Harrington was magnificent in the ring, never more so than against Ferreira when she absorbed the discordant tones of a difficult first 90 seconds and retuned the fight to her own wavelength from there on in.

Her medal will stand as testimony to what she achieved here but the memories of the manner in which she won it offer the truest reflection of her campaign. It was a performance to rank in the highest echelons of Irish sports history.

Just as pleasing was the manner in which she bore all this, both the pressure and the acclaim. Like all of Ireland’s medallists here, the Dubliner

matched whatever she did in competition with a humility and honesty outside of it that was every bit as inspiring.

“I can’t believe that I inspire anybody. That’s the hard thing to get my head around.

“But I know I am in the limelight, and I know I have to be a role model, and I just want to be the best version of me that I can be so that I can inspire kids and be good role model for kids. I want them to bring out the best version of themselves.

“They don’t have to be Irish champion, world champion, Olympic champion. They don’t have to be anything only a better version of themselves and if I can do that I’ll be happy. For me, I love giving, and if I can give someone a little bit of inspiration, a little bit of get up and go, that means the world to me.”

Just the third woman to claim a gold medal for Ireland, she was told. It wasn’t an angle she had even considered but she has reflected most of the praise coming her way towards teammates, coaches, and family this last week or so. It was no different then.

She turned the statement on its head, lingering not on the past or the present, but on what future generations of Irish girls can do in the ring, and offering words of encouragement to kids and clubs shuttered by the pandemic.

“I just want to say to all those kids and teenagers out there, ‘get back in’.

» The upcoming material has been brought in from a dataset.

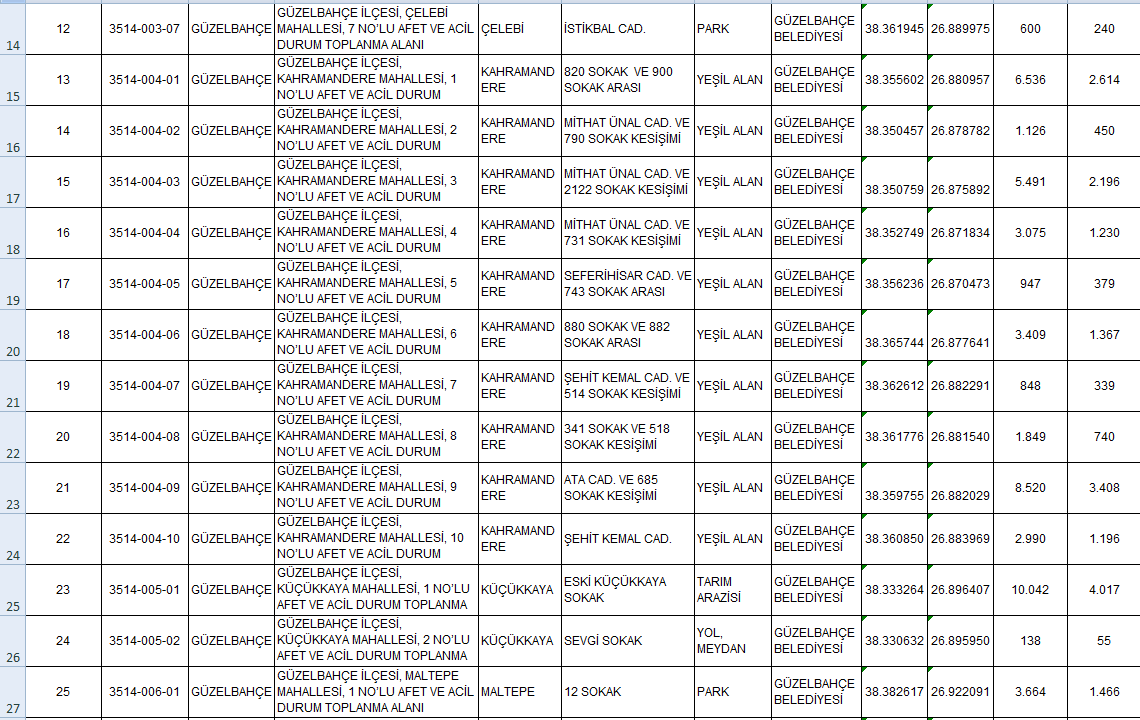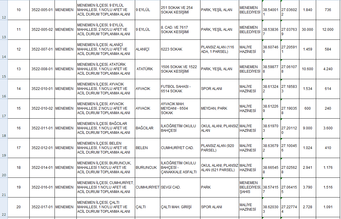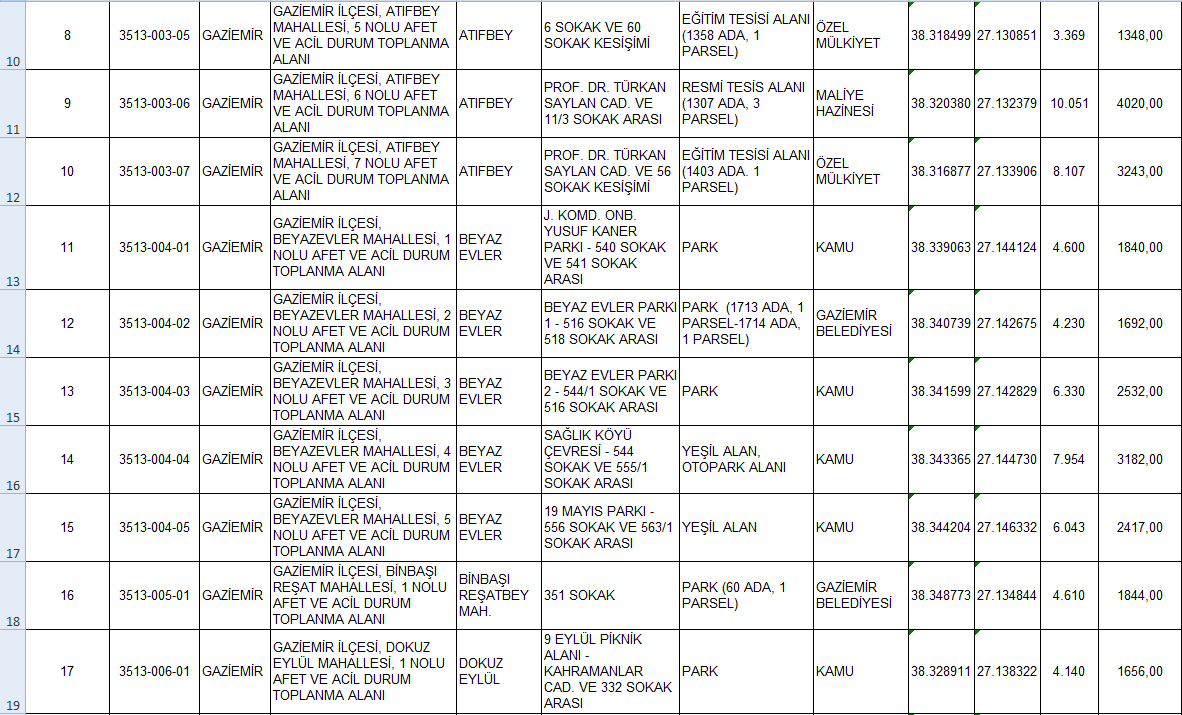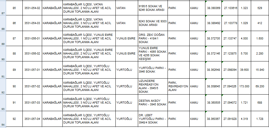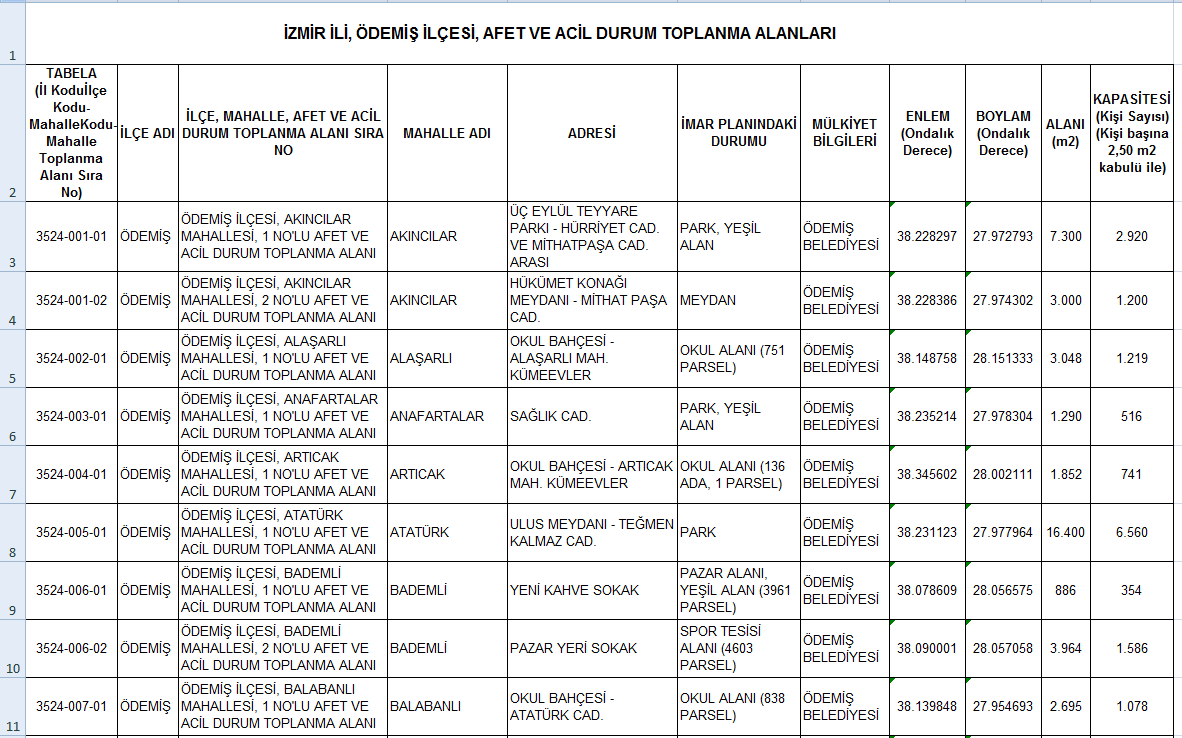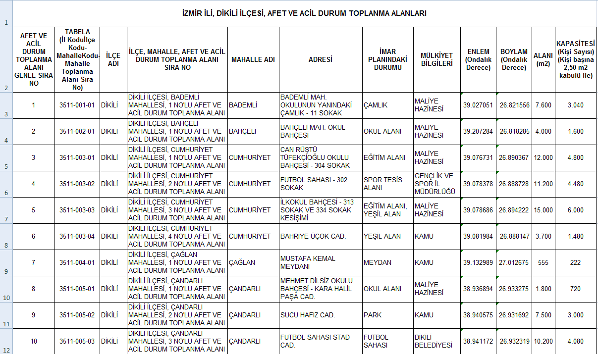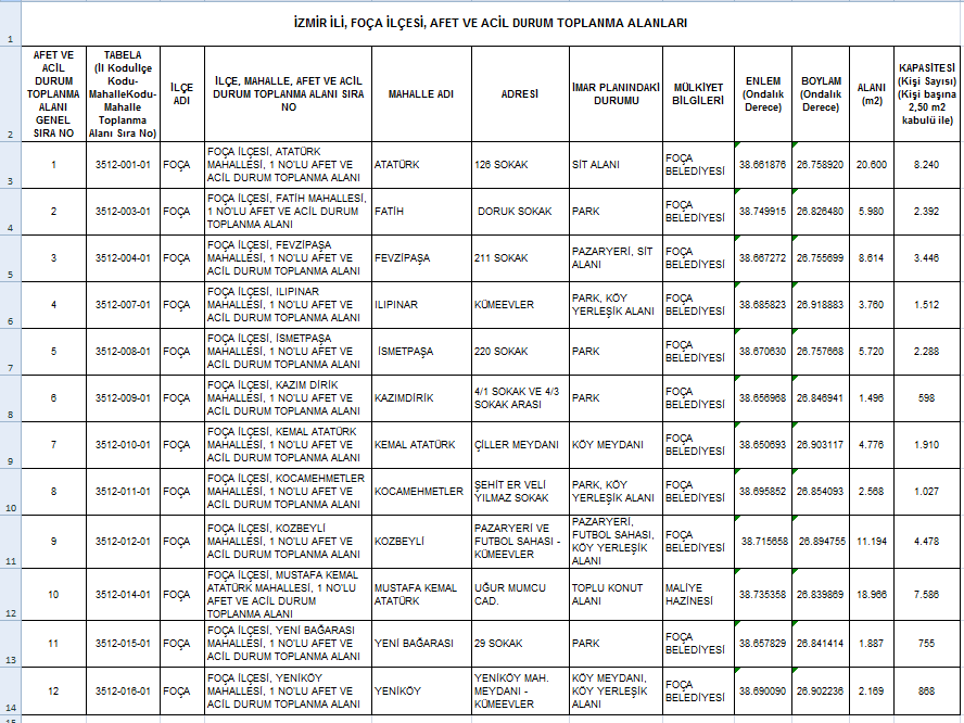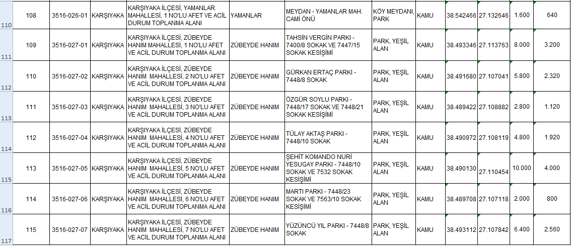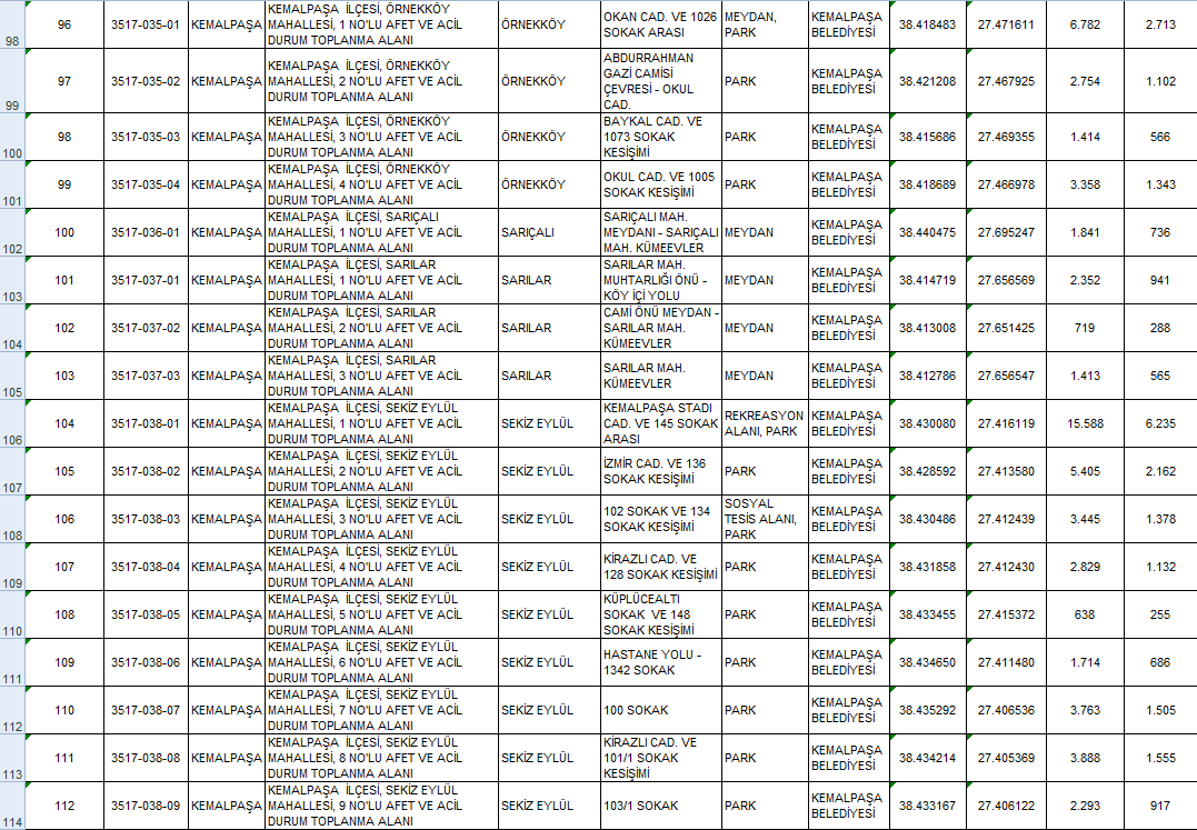 İzmir'de olası bir afet sonrası toplanma alanlarının (korunaklı alanlar) ilçe ilçe, mahalle mahalle listesi...

“You might have missed the year but you can take it back like that. You might be unfit but you will never lose the skills that you have so get back in, get back at it, start off small and work at it.”

Her words are powerful, not just for their content but for the sincerity with which they are offered. And they carry a weight borne of her own struggles from troubled teenager to raw boxer whose lack of real belief was shared by most of those around her.

It was 2016 when she first thought that maybe the Olympics was a stage where she could sing.

Kellie Harrington of Ireland celebrates with her gold medal after defeating Beatriz Ferreira of Brazil. Picture: Brendan Moran/Sportsfile
Kellie Harrington of Ireland celebrates with her gold medal after defeating Beatriz Ferreira of Brazil. Picture: Brendan Moran/Sportsfile

The penny dropped after a competitive sparring session with Estelle Moseley between the Frenchwoman’s successes at the World Championships and Olympic Games.

That was the point when Harrington first believed a day like yesterday was possible.

Once enough others beyond the confines of her local club came to the same conclusion then she had enough of a unit around her to make it happen.

Kellie Harrington: Olympic champion.

She has been adamant that her time in Japan won’t define her. That her journey isn’t over. Win or lose, she was going back to work part-time on the wards at St Vincent’s Hospital. The media and commercial worlds will come for their piece of flesh but her circle will stay small.

When she met John Conlan, one of her coaches, in the mixed zone yesterday she hugged him for an age and cried, and then she joked about how heavy the medal around her neck actually was.

She will wear it lightly. Conlan himself is sure of that.

“She’s just a great human being. I asked the other day, ‘what is the best version of yourself?’ and she said ‘someone who gives and shares’.

“That’s her in a nutshell. She gives everything in training. She wants to succeed. She says she doesn’t, but she does want to succeed.

“But then she’ll go back and do a night shift in the hospital. She’s amazing.

“She’s a great human being and it’s well deserved. The fact she doesn’t believe it makes it even better. In three days’ time she’ll wake up with a medal around her neck. She was brilliant.”